Provided data
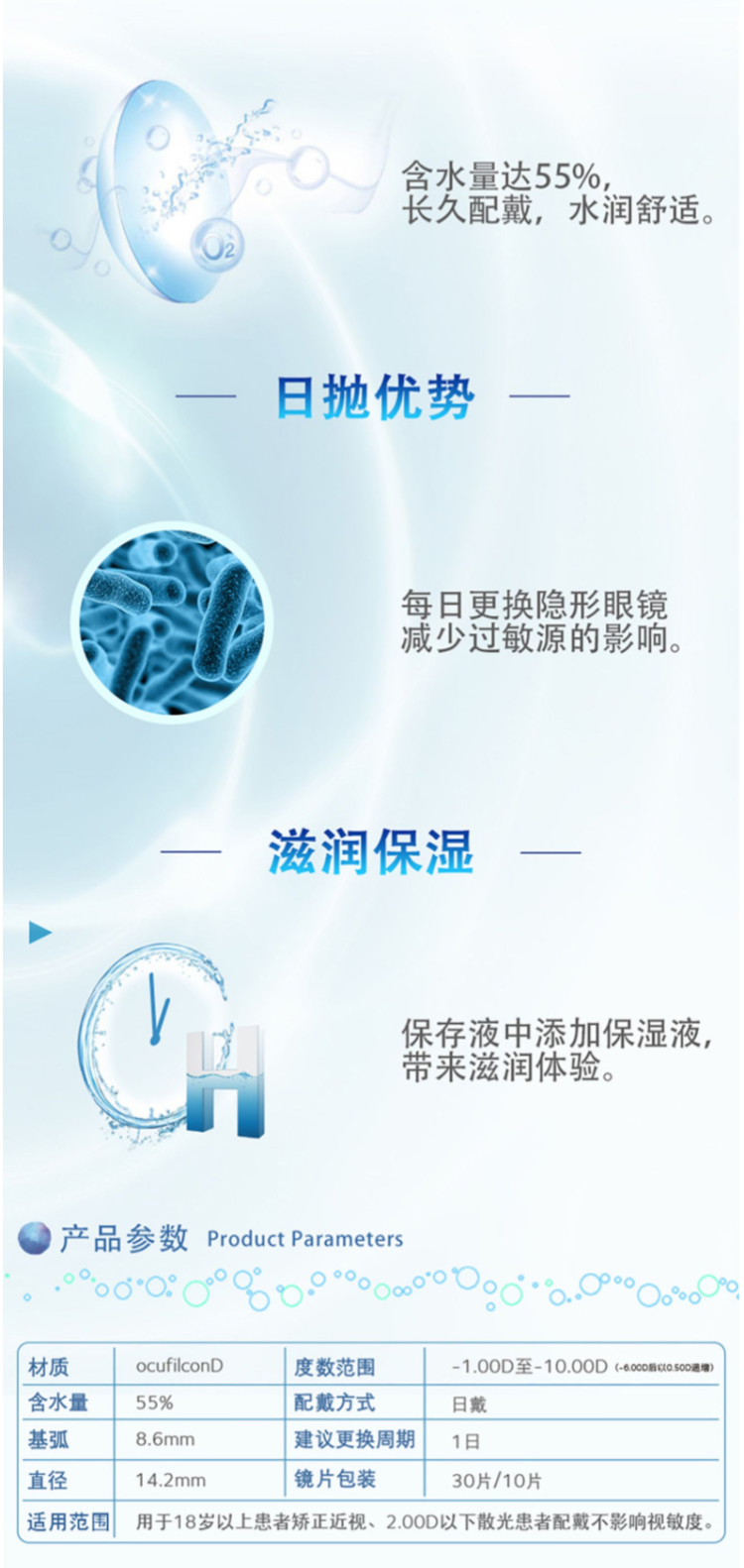 低镜片设计,减少眨眼间与镜片的摩擦,有效降低异物感,增加瞬目的舒适度;镜片边缘采用干式膜铸工艺,使表面更加光滑,成形性好,更易于操作,对初期佩戴者尤其方便。规格30片。
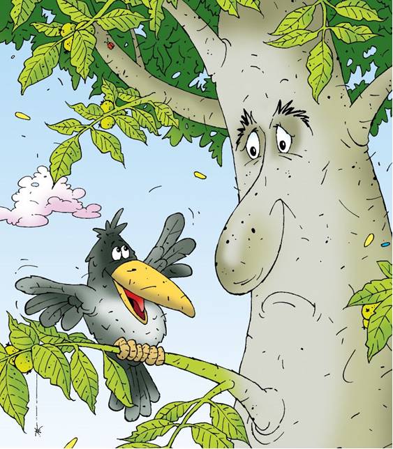 – Кра-ха-ха! – рассмеялась ворона, – да не внутр-ри, а снар-ружи! На ветках!
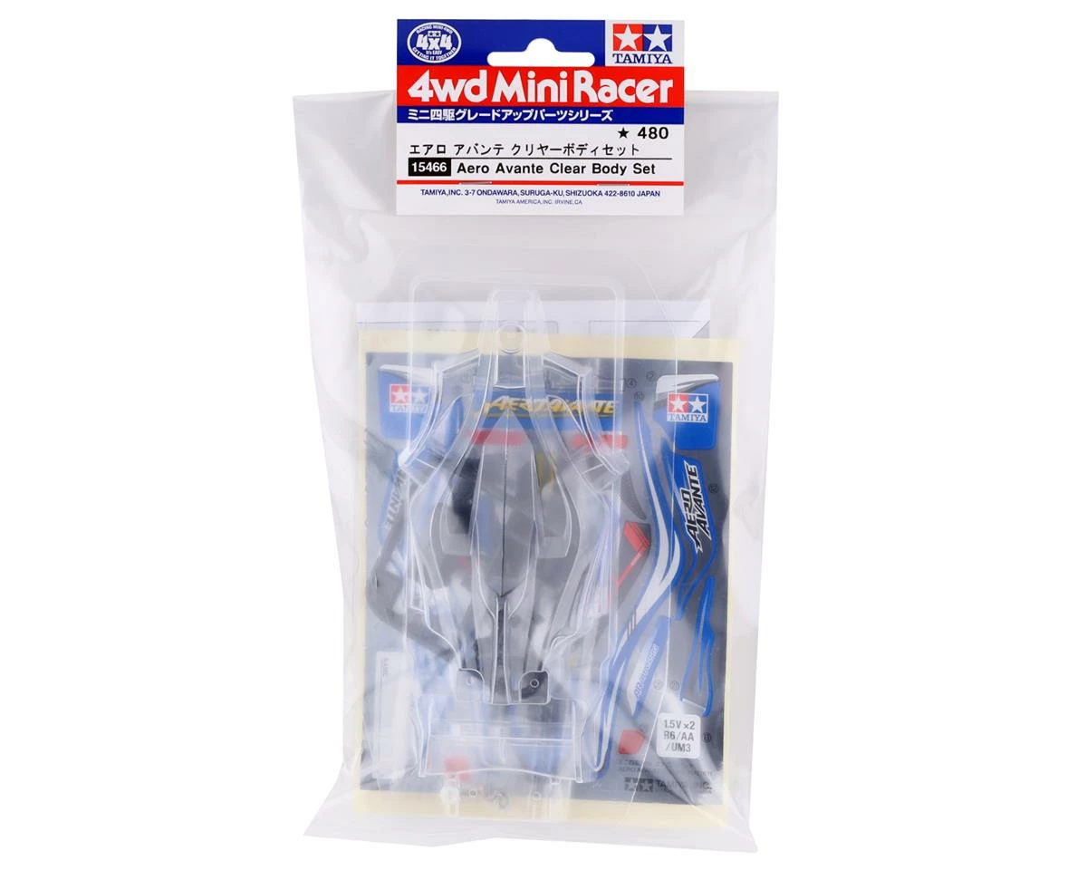 The Tamiya JR Aero Avante Mini 4WD Body Set is a clear body option for the AR chassis. Pick your favorite color of polycarbonate paint and add a custom look to your chassis. The polycarbonate body is lighter-weight and allows better acceleration and higher speeds, in addition to greater stability thanks to its lower center of gravity. Note that by modifying the body, it is also compatible with the VS, Super-II, Super X and Super XX chassis.
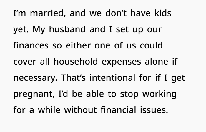 This woman and her husband made smart, intentional choices. They structured their life so either one of them could handle expenses alone. That’s planning. That’s effort. That’s not a license for other people to freeload—especially people who never once helped build that life.
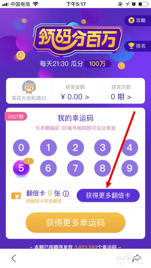 别的,还可以经由过程点击 获得更多翻倍卡 ,将奖金翻倍。
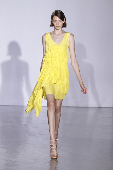 Já os estampados com palmeiras foram algo inédito no trabalho de Luís Buchinho, que explica que o fez para dinamizar o tema: “Não queria fazer um greco-romano com uma palette muito neutra. Queria cor”. Flashs de amarelo surgiram em vestidos e saias, onde o longo e o curto coexistem, ora fluídos ora estruturados. Uma mistura inteligente dos dois universos.

What this task involves
Please set down every line of the listing verbatim, excluding its pictures.

Solution for this exercise
 低镜片设计,减少眨眼间与镜片的摩擦,有效降低异物感,增加瞬目的舒适度;镜片边缘采用干式膜铸工艺,使表面更加光滑,成形性好,更易于操作,对初期佩戴者尤其方便。规格30片。
 – Кра-ха-ха! – рассмеялась ворона, – да не внутр-ри, а снар-ружи! На ветках!
 The Tamiya JR Aero Avante Mini 4WD Body Set is a clear body option for the AR chassis. Pick your favorite color of polycarbonate paint and add a custom look to your chassis. The polycarbonate body is lighter-weight and allows better acceleration and higher speeds, in addition to greater stability thanks to its lower center of gravity. Note that by modifying the body, it is also compatible with the VS, Super-II, Super X and Super XX chassis.
 This woman and her husband made smart, intentional choices. They structured their life so either one of them could handle expenses alone. That’s planning. That’s effort. That’s not a license for other people to freeload—especially people who never once helped build that life.
 别的,还可以经由过程点击 获得更多翻倍卡 ,将奖金翻倍。
 Já os estampados com palmeiras foram algo inédito no trabalho de Luís Buchinho, que explica que o fez para dinamizar o tema: “Não queria fazer um greco-romano com uma palette muito neutra. Queria cor”. Flashs de amarelo surgiram em vestidos e saias, onde o longo e o curto coexistem, ora fluídos ora estruturados. Uma mistura inteligente dos dois universos.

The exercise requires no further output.